_EXERCISE REQUIREMENTS_. Without the pictures, set down every line of the data exactly.

Data excerpts
══════════

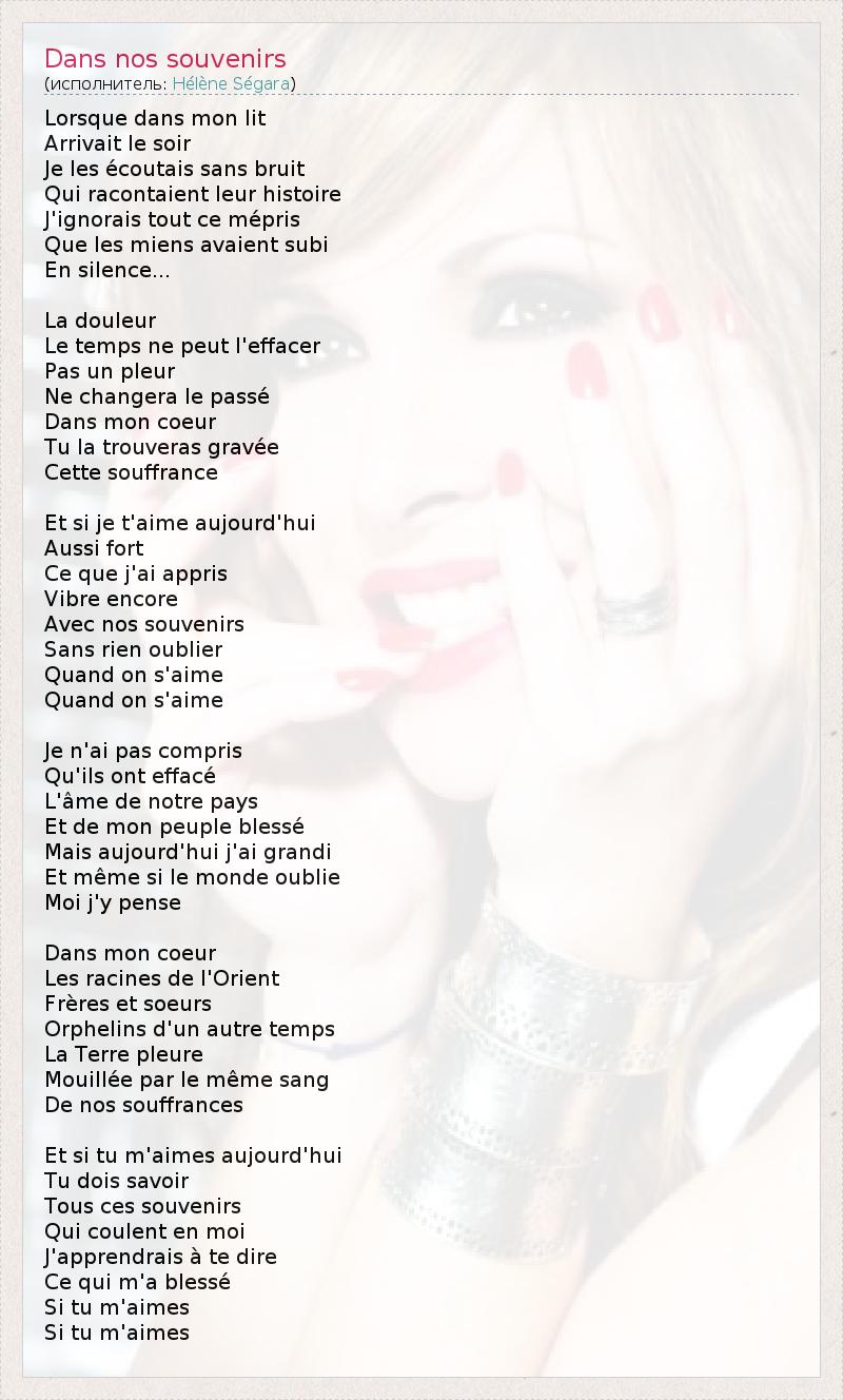 Lorsque dans mon lit Arrivait le soir Je les écoutais sans bruit Qui racontaient leur histoire J'ignorais tout ce mépris Que les miens avaient subi En silence... La douleur Le temps ne peut l'effacer Pas un pleur Ne changera le passé Dans mon coeur Tu la trouveras gravée Cette souffrance Et si je t'aime aujourd'hui Aussi fort Ce que j'ai appris Vibre encore Avec nos souvenirs Sans rien oublier Quand on s'aime Quand on s'aime Je n'ai pas compris Qu'ils ont effacé L'âme de notre pays Et de mon peuple blessé Mais aujourd'hui j'ai grandi Et même si le monde oublie Moi j'y pense Dans mon coeur Les racines de l'Orient Frères et soeurs Orphelins d'un autre temps La Terre pleure Mouillée par le même sang De nos souffrances Et si tu m'aimes aujourd'hui Tu dois savoir Tous ces souvenirs Qui coulent en moi J'apprendrais à te dire Ce qui m'a blessé Si tu m'aimes Si tu m'aimes
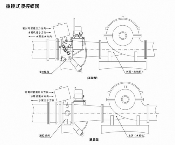 液控緩閉蝶閥是目前國內(nèi)外較先進的管路控制設(shè)備,主要安裝于水電站水輪機進口,用作水輪機進口閥;或安裝于水利、電力、給排水等各類泵站的水泵出口,用以代替止回閥和閘閥。工作時,該閥與管道主機配合,按照水力過渡過程原理,通過電液控制程序的有效設(shè)置,實現(xiàn)管路的可靠截止,有效消除管路水錘,并可實現(xiàn)無電自動關(guān)閥,起到保護管路系統(tǒng)安全的作用。
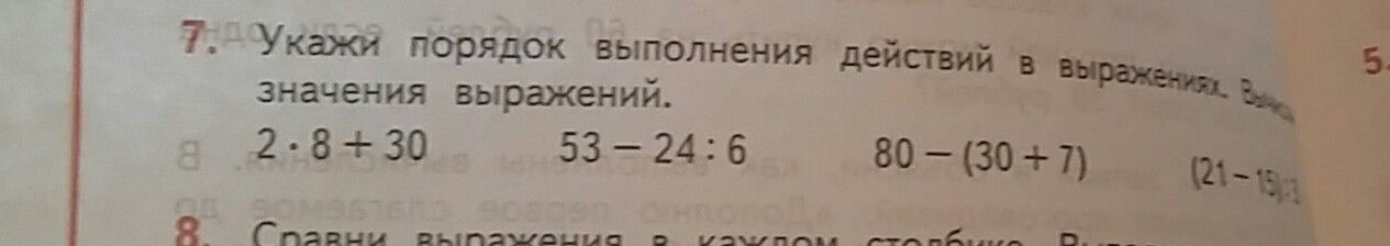 Укажи порядок выполнения действий в выражениях. Вычисли значения выражений
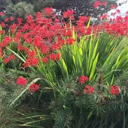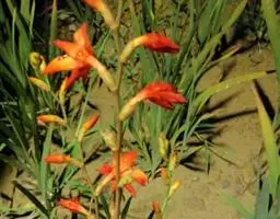 又名红花香雪兰、长梗雪香兰。叶长40~60cm,花茎强壮多分枝,植株高50cm;花筒部白色,喉部橘红色,花被片的边缘粉紫色;花期较迟。
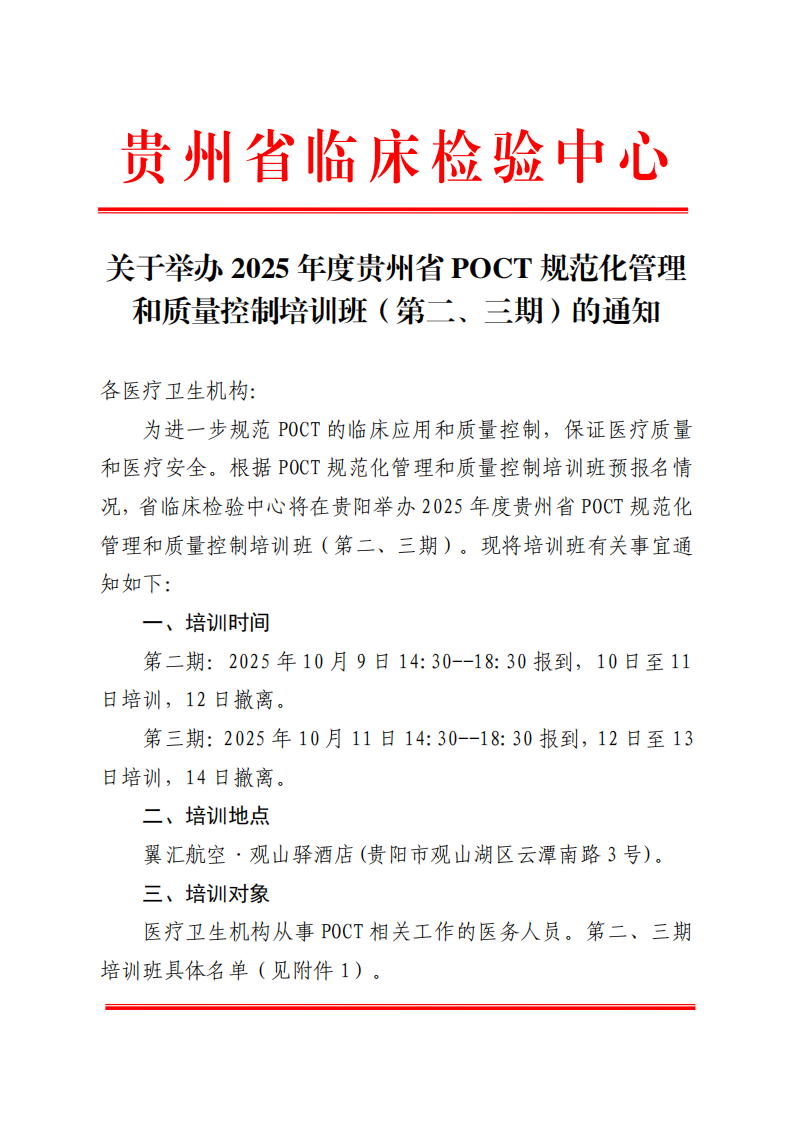 关于举办2025年度贵州省POCT规范化管理和质量控制培训班(第二、三期)的通知
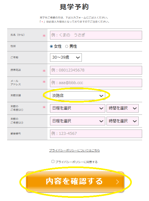 来館店舗は「淡路店」を選択し、必須入力項目、来館希望日を記入して「内容を確認する」をクリック(タップ)。入力内容に間違いがなければ送信し予約完了です。
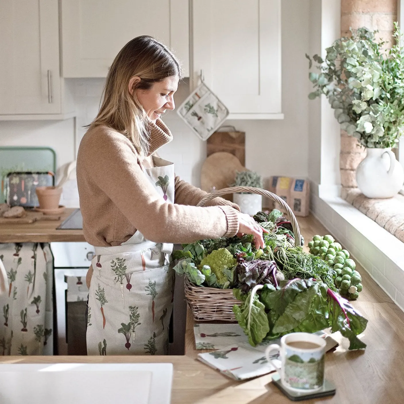 Perfect for those that love their homegrown foods and wholesome vegetables, this adult apron features our favourite seasonal vegetables with parsnips, carrots, turnips and beetroot on a pale linen coloured background. Made from 100% cotton, this lovely apron has a practical front pocket and an adjustable neckstrap.Keep your clothes free from baking mess and protect yourself from cooking spillages with this wonderful Home Grown apron.
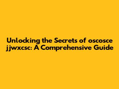 Unlocking The Secrets Of Oscosce Jjwxcsc: A Comprehensive Guide
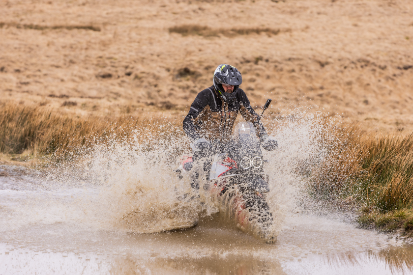 After a hearty meal, a couple of beers and a good night’s rest at the Hafod Hotel in Devils Bridge, just down the road from the Adventure Academy, everyone was raring to go for day 2. Moly and his team gave us a quick recap over coffee of what we had learnt on day one, we then saddled up and headed back to the training area eager to learn more. After a few sessions and lunch, it was time to put everything we had practised into a longer ride, out to some of the more remote parts of the complex. This was a fantastic end to the course, where we felt like we were tackling the Welsh terrain out on a ride with mates, rather than on a training course. The route included what the guys called the ‘Yellow Brick Road’ which is essentially a track with a series of ever deeper puddles and water crossings. You could hear the squeals of laughter as each person got progressively wetter each time.

══════════

_TASK RESPONSE_.
 Lorsque dans mon lit Arrivait le soir Je les écoutais sans bruit Qui racontaient leur histoire J'ignorais tout ce mépris Que les miens avaient subi En silence... La douleur Le temps ne peut l'effacer Pas un pleur Ne changera le passé Dans mon coeur Tu la trouveras gravée Cette souffrance Et si je t'aime aujourd'hui Aussi fort Ce que j'ai appris Vibre encore Avec nos souvenirs Sans rien oublier Quand on s'aime Quand on s'aime Je n'ai pas compris Qu'ils ont effacé L'âme de notre pays Et de mon peuple blessé Mais aujourd'hui j'ai grandi Et même si le monde oublie Moi j'y pense Dans mon coeur Les racines de l'Orient Frères et soeurs Orphelins d'un autre temps La Terre pleure Mouillée par le même sang De nos souffrances Et si tu m'aimes aujourd'hui Tu dois savoir Tous ces souvenirs Qui coulent en moi J'apprendrais à te dire Ce qui m'a blessé Si tu m'aimes Si tu m'aimes
 液控緩閉蝶閥是目前國內(nèi)外較先進的管路控制設(shè)備,主要安裝于水電站水輪機進口,用作水輪機進口閥;或安裝于水利、電力、給排水等各類泵站的水泵出口,用以代替止回閥和閘閥。工作時,該閥與管道主機配合,按照水力過渡過程原理,通過電液控制程序的有效設(shè)置,實現(xiàn)管路的可靠截止,有效消除管路水錘,并可實現(xiàn)無電自動關(guān)閥,起到保護管路系統(tǒng)安全的作用。
 Укажи порядок выполнения действий в выражениях. Вычисли значения выражений
 又名红花香雪兰、长梗雪香兰。叶长40~60cm,花茎强壮多分枝,植株高50cm;花筒部白色,喉部橘红色,花被片的边缘粉紫色;花期较迟。
 关于举办2025年度贵州省POCT规范化管理和质量控制培训班(第二、三期)的通知
 来館店舗は「淡路店」を選択し、必須入力項目、来館希望日を記入して「内容を確認する」をクリック(タップ)。入力内容に間違いがなければ送信し予約完了です。
 Perfect for those that love their homegrown foods and wholesome vegetables, this adult apron features our favourite seasonal vegetables with parsnips, carrots, turnips and beetroot on a pale linen coloured background. Made from 100% cotton, this lovely apron has a practical front pocket and an adjustable neckstrap.Keep your clothes free from baking mess and protect yourself from cooking spillages with this wonderful Home Grown apron.
 Unlocking The Secrets Of Oscosce Jjwxcsc: A Comprehensive Guide
 After a hearty meal, a couple of beers and a good night’s rest at the Hafod Hotel in Devils Bridge, just down the road from the Adventure Academy, everyone was raring to go for day 2. Moly and his team gave us a quick recap over coffee of what we had learnt on day one, we then saddled up and headed back to the training area eager to learn more. After a few sessions and lunch, it was time to put everything we had practised into a longer ride, out to some of the more remote parts of the complex. This was a fantastic end to the course, where we felt like we were tackling the Welsh terrain out on a ride with mates, rather than on a training course. The route included what the guys called the ‘Yellow Brick Road’ which is essentially a track with a series of ever deeper puddles and water crossings. You could hear the squeals of laughter as each person got progressively wetter each time.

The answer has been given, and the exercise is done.